October 15, 2010
EPA faulted for not disclosing coal ash's recycling risks
By Renee Schoof | McClatchy Newspapers
WASHINGTON — The Environmental Protection Agency's inspector general reported this week that the EPA had improperly used an official website to promote ways of recycling the waste that's left over when power plants burn coal, commonly known as coal ash.
The inspector general's report says the website didn't tell the public that the EPA had decided that coal ash no longer should be dumped in empty pits and that it had concerns about the safety of other uses of the material in loose form, such as fertilizer and road fill.
The waste contains arsenic and other metals that can cause cancer and damage the nervous system in people who drink contaminated water, and it can kill fish and other aquatic life. The inspector general's report also says the EPA should have mentioned on the website that it had found seven cases of large-scale dumping of coal ash that had caused damage to health and the environment.
In other environmental action related to coal, the EPA's Region 3 on Friday recommended denying a permit for one of the largest mountaintop-removal coal mines ever planned, the Spruce No. 1 Mine in West Virginia.
Region 3's report says that contaminated rubble left when the mountaintop was blasted off would have been dumped in two streams that are "some of the very few remaining streams" in the heavily mined area that can be classified as "least degraded."
In addition, discharges from the mining operation probably would damage downstream areas and the wildlife there, the report says. The planned mine would remove more than 2,000 acres of forest and bury seven miles of streams.
EPA headquarters said that Region 3's report was "only one step in the process" and that the agency would consult with mine owner Arch Coal and state officials to see whether anything could be done to reduce the environmental impacts so that the permit could be granted. The agency said it planned to make a final decision later this fall.
The EPA has been revising guidelines on mountaintop mining at the same time that it's been considering how to regulate coal ash.
The agency proposed the first national regulation of coal ash after a 2008 spill from a power plant's coal ash storage pond covered 300 acres in Tennessee and polluted rivers.
The rule would require coal ash to be placed in lined landfills with groundwater monitoring. Placing it in empty mines no longer would be allowed as a "beneficial use." It's not yet clear what the agency will decide about other uses, such as fertilizer and highway embankments.
The EPA plans to continue to allow coal ash in products that encapsulate it in solid form, such as concrete.
The EPA and the coal industry had jointly promoted ways to recycle coal waste through the Coal Combustion Products Partnership since 2001. The program had a page on the EPA's official website that gave details about various uses for the waste.
The website included examples of how coal ash was reused that were written by industry or private researchers. In violation of its own policies, the EPA allowed the use of its logo on recycled ash products and didn't add disclaimers saying that the information was provided by people who didn't work for the agency.

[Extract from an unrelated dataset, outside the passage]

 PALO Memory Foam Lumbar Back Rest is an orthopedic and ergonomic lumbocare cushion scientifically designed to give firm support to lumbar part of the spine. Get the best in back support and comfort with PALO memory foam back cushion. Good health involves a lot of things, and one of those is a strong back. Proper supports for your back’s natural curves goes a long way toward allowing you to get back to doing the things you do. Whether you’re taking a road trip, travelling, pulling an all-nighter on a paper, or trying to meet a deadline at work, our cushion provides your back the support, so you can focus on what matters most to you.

The EPA stopped participating in the Coal Combustion Products Partnership in May while it was working on the proposed regulation. The inspector general's report says the agency should have updated its website to make it consistent with what the EPA said in the proposed rule.
The inspector general's office said that it first discussed the problems with the agency on June 23, and that afterward the EPA removed content from the website.

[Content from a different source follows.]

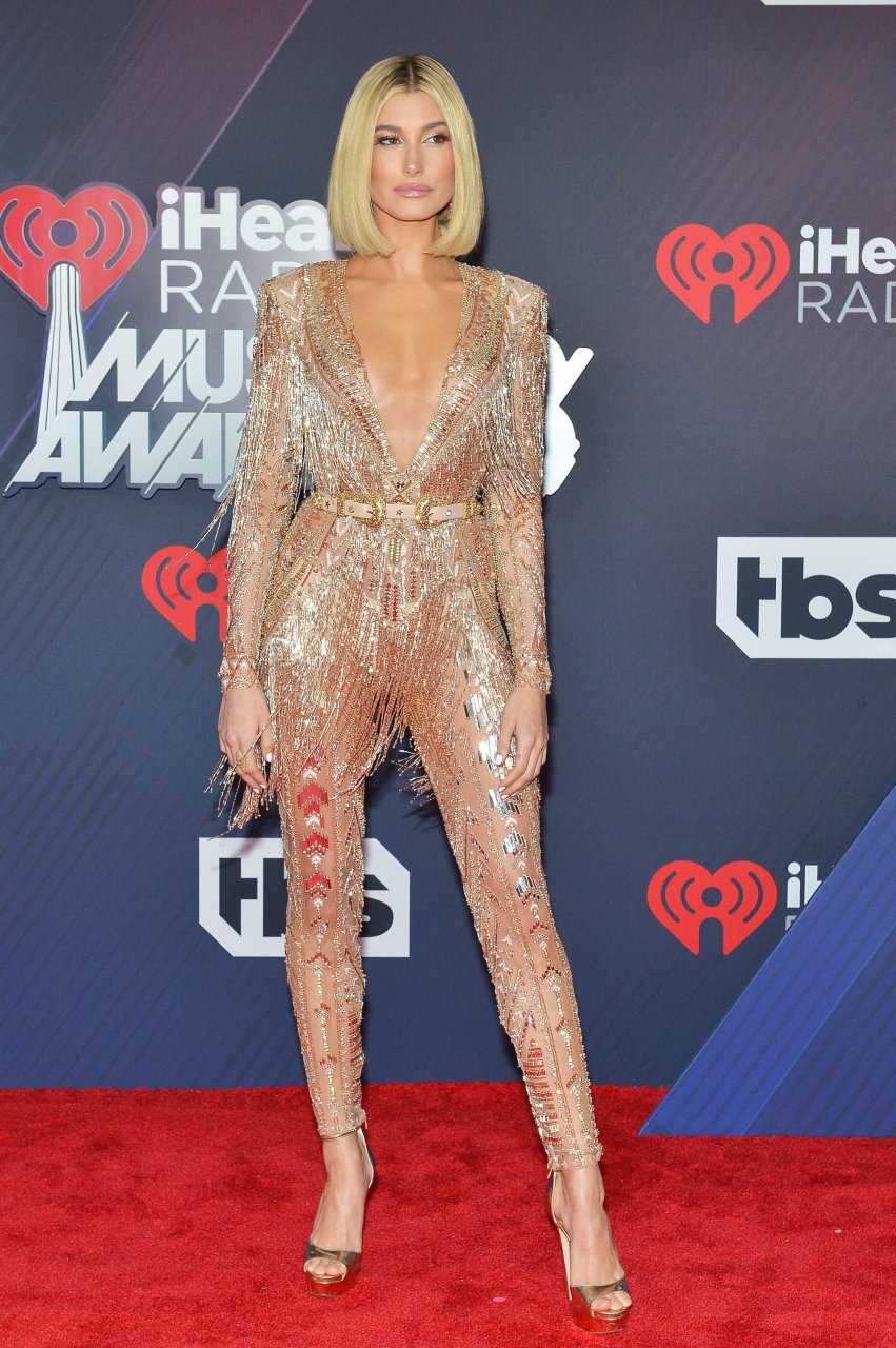 Hailey Baldwin participa do iHeartRadio Music Awards 2018 em Inglewood, 11/03/2018. Hailey Rhode Baldwin é uma modelo americana, atriz, estrela de TV. Idade – 21.

The EPA said in a statement Friday: "We recognize that some of the concerns raised in the report highlighted areas where we needed to make improvements in our internal processes." It said it would take greater care in posting material to the website.
A major decision the agency must make is whether coal ash should be regulated as a hazardous substance under the law, with federal enforcement, or as a nonhazardous substance, which would leave enforcement up to the states, as it is now.

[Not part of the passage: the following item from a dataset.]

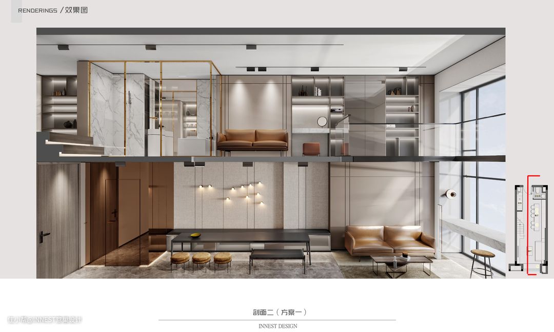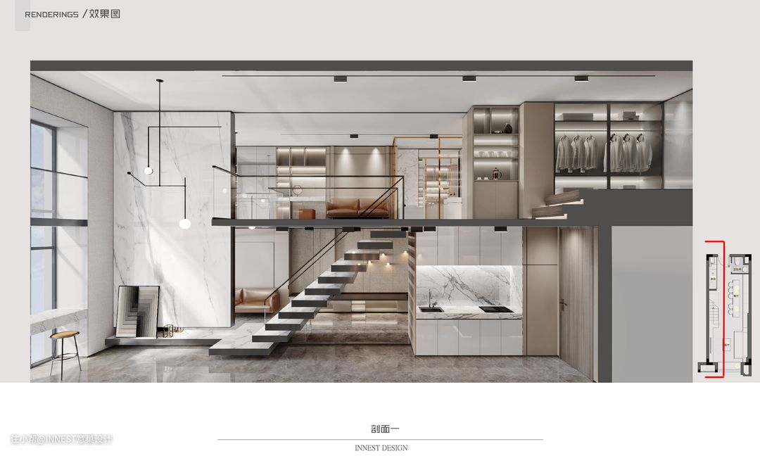 LOFT公寓内通过镶嵌在结构中的滑动门、橱柜、等结构,将室内空间重新划分。如墙壁尽可能多的做了隐蔽的收纳柜,在立面中消化了睡前醒后的基本生活需求,做到物各有位。面对入口处的空间,靠盥洗区的结构给餐厅区做视线遮挡,同时也将入口间隔开来,维持了住户的私密性。利用大量玻璃和镜面材质制造通透感和空间张力,使得空间连贯简明,同时增加节奏感。

Industry groups have argued that if the feds regulate coal ash as a hazardous waste, concrete and other products legally made with it will be stigmatized.
A comment period on the rule ends Nov. 19. After that, the EPA will analyze the comments and produce a final version of the rule.
Coal plants produce about half of U.S. electricity. They generate more than 130 million tons of coal waste, the nation's second largest industrial waste stream after mining waste.